◆ EXERCISE GOAL: Reproduce the listing below as it stands. Leave out each image.

◆ RECORDS FOR THIS TASK:

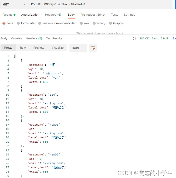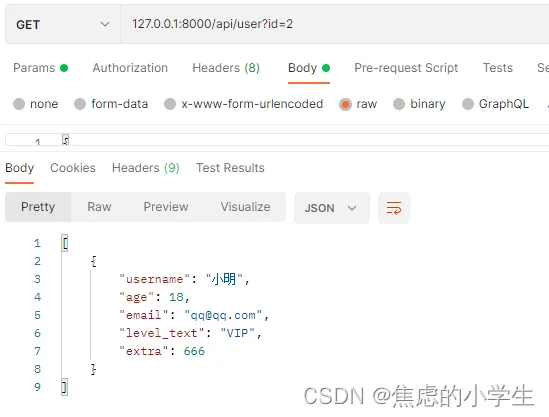 此时get: 127.0.0.1:8000/api/user?id=2 和 127.0.0.1:8000/api/user/2/效果基本是一样
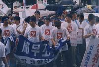 - 8일 오후 연세대에서 열린 국가안전기획부 취업설명회에서 안기부 직원이 설명하는 가운데 설명회에 참석한 학생들 앞에서 안기부반대, 국가보안법철폐 등을 적은 피켓을 들고 침묵시위하고 있다.
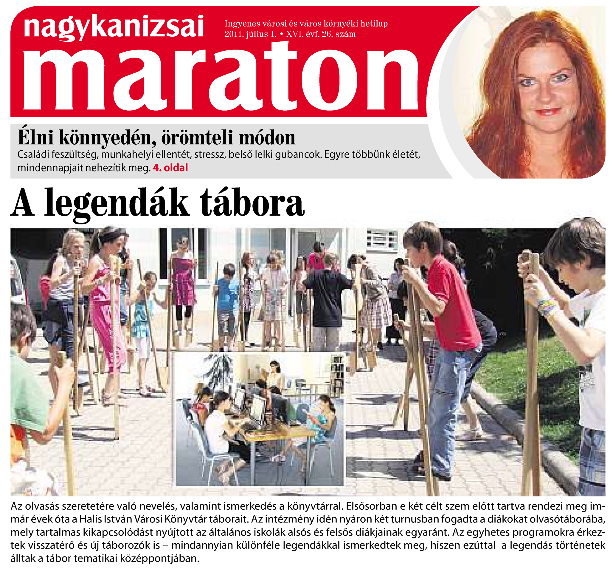 Nyilvános 2210 | 7894 | Nagykanizsai Maraton 2011. július 1. 26. szám 1. oldal - A legendák tábora | A legendák tábora Az olvasás szeretetére való nevelés, valamint ismerkedés a könyvtárral. Elsősorban e két célt szem előtt tartva rendezi meg immár évek óta a Halis István Városi Könyvtár táborait. Az intézmény idén nyáron két turnusban fogadta a diákokat olvasótáborába, mely tartalmas kikapcsolódást nyújtott az általános iskolák alsós és felsős diákjainak egyaránt. Az egyhetes programokra érkeztek visszatérő és új táborozók is – mindannyian különféle legendákkal ismerkedtek meg, hiszen ezúttal a legendás történetek álltak a tábor tematikai középpontjában. |
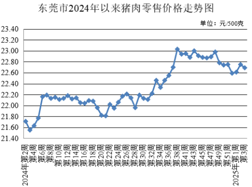 第3周,4种猪肉农贸市场零售均价为(每500克,下同)22.69元,较上周下降0.26%,其中,排骨、精瘦肉、有皮上肉、肋条肉(五花肉)零售均价分别为32.91元、22.48元、17.30元、18.07元,较上周分别下降0.48%、下降0.31%、持平、下降0.17%。
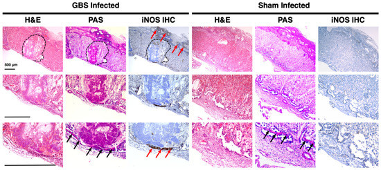 Histopathology and immunohistochemical staining of murine placenta for iNOS localization. Placentas from dams with GBS chorioamnionitis developed areas of abscess (outlined in dotted line) extending from the junctional zone into the labyrinth. Periodic acid-Schiff (PAS) staining revealed a band of dense pink staining in the glycogen cells of the junctional zone (black arrows). Immunohistochemical (IHC) staining for iNOS expression revealed diffuse upregulation with strong localized expression in the junctional zone and areas of abscess (red arrows). Placentas from sham-inoculated dams displayed less iNOS antibody staining and retained normal cellular and anatomic structural organization. (H&E: hematoxylin and eosin).

◆ SOLUTION FOR THIS TASK:
 此时get: 127.0.0.1:8000/api/user?id=2 和 127.0.0.1:8000/api/user/2/效果基本是一样
 - 8일 오후 연세대에서 열린 국가안전기획부 취업설명회에서 안기부 직원이 설명하는 가운데 설명회에 참석한 학생들 앞에서 안기부반대, 국가보안법철폐 등을 적은 피켓을 들고 침묵시위하고 있다.
 Nyilvános 2210 | 7894 | Nagykanizsai Maraton 2011. július 1. 26. szám 1. oldal - A legendák tábora | A legendák tábora Az olvasás szeretetére való nevelés, valamint ismerkedés a könyvtárral. Elsősorban e két célt szem előtt tartva rendezi meg immár évek óta a Halis István Városi Könyvtár táborait. Az intézmény idén nyáron két turnusban fogadta a diákokat olvasótáborába, mely tartalmas kikapcsolódást nyújtott az általános iskolák alsós és felsős diákjainak egyaránt. Az egyhetes programokra érkeztek visszatérő és új táborozók is – mindannyian különféle legendákkal ismerkedtek meg, hiszen ezúttal a legendás történetek álltak a tábor tematikai középpontjában. |
 第3周,4种猪肉农贸市场零售均价为(每500克,下同)22.69元,较上周下降0.26%,其中,排骨、精瘦肉、有皮上肉、肋条肉(五花肉)零售均价分别为32.91元、22.48元、17.30元、18.07元,较上周分别下降0.48%、下降0.31%、持平、下降0.17%。
 Histopathology and immunohistochemical staining of murine placenta for iNOS localization. Placentas from dams with GBS chorioamnionitis developed areas of abscess (outlined in dotted line) extending from the junctional zone into the labyrinth. Periodic acid-Schiff (PAS) staining revealed a band of dense pink staining in the glycogen cells of the junctional zone (black arrows). Immunohistochemical (IHC) staining for iNOS expression revealed diffuse upregulation with strong localized expression in the junctional zone and areas of abscess (red arrows). Placentas from sham-inoculated dams displayed less iNOS antibody staining and retained normal cellular and anatomic structural organization. (H&E: hematoxylin and eosin).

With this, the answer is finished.